INFORMATION GIVEN Start Marker

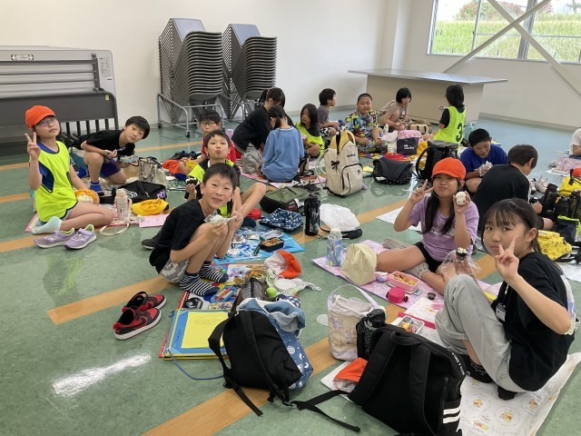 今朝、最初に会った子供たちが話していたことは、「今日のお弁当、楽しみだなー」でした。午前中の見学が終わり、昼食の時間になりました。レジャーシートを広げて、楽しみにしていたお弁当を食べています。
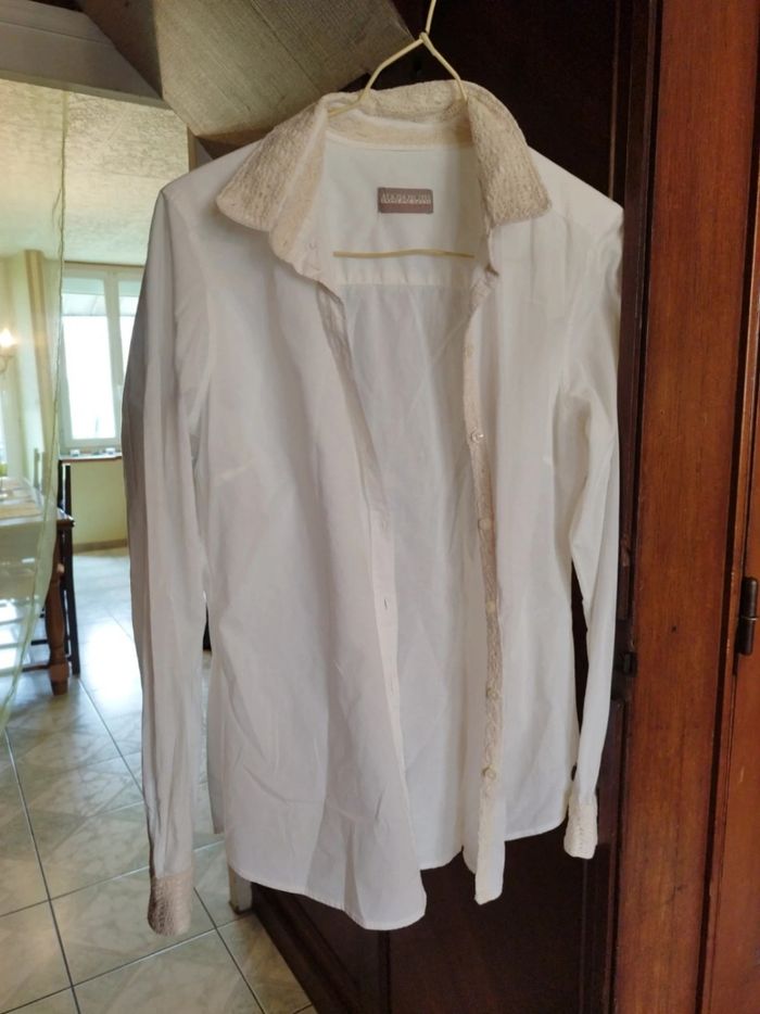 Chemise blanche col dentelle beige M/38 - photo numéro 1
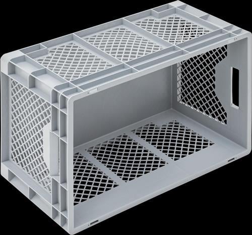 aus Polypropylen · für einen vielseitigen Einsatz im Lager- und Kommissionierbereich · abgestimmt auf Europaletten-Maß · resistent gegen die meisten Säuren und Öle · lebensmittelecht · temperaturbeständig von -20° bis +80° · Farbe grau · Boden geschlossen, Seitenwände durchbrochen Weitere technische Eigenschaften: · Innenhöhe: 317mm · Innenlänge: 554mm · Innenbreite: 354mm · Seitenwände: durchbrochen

INFORMATION GIVEN End Marker
INFORMATION GIVEN Start Marker

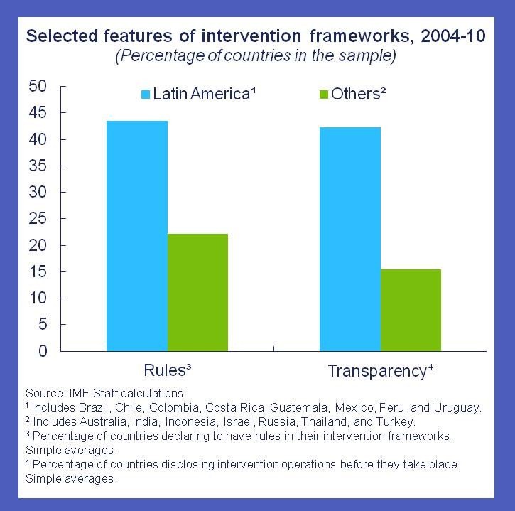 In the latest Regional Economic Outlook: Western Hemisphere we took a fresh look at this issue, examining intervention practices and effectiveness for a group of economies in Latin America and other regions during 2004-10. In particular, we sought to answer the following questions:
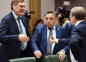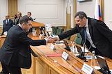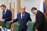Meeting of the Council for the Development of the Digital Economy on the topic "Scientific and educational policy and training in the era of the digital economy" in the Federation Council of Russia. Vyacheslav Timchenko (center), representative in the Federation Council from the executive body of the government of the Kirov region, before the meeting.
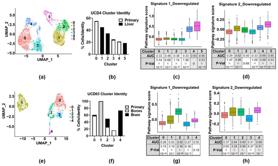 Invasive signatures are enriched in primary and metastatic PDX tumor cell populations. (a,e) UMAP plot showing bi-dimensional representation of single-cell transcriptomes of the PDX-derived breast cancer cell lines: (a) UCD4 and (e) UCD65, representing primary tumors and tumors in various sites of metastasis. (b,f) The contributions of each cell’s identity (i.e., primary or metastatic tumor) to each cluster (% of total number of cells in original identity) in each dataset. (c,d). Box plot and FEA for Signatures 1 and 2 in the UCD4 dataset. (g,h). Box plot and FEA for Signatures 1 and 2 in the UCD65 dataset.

INFORMATION GIVEN End Marker
INFORMATION GIVEN Start Marker

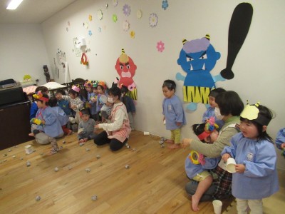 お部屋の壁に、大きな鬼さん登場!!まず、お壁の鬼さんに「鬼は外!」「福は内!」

INFORMATION GIVEN End Marker

■ DIRECTIONS FOR THIS TASK ■
Whatever pictures the records hold, omit them; give again exactly the lines from the one containing "今朝、最初に会った子供たちが" through the one containing "aus Polypropylen ·".

■ RESULT OF THIS TASK ■
 今朝、最初に会った子供たちが話していたことは、「今日のお弁当、楽しみだなー」でした。午前中の見学が終わり、昼食の時間になりました。レジャーシートを広げて、楽しみにしていたお弁当を食べています。
 Chemise blanche col dentelle beige M/38 - photo numéro 1
 aus Polypropylen · für einen vielseitigen Einsatz im Lager- und Kommissionierbereich · abgestimmt auf Europaletten-Maß · resistent gegen die meisten Säuren und Öle · lebensmittelecht · temperaturbeständig von -20° bis +80° · Farbe grau · Boden geschlossen, Seitenwände durchbrochen Weitere technische Eigenschaften: · Innenhöhe: 317mm · Innenlänge: 554mm · Innenbreite: 354mm · Seitenwände: durchbrochen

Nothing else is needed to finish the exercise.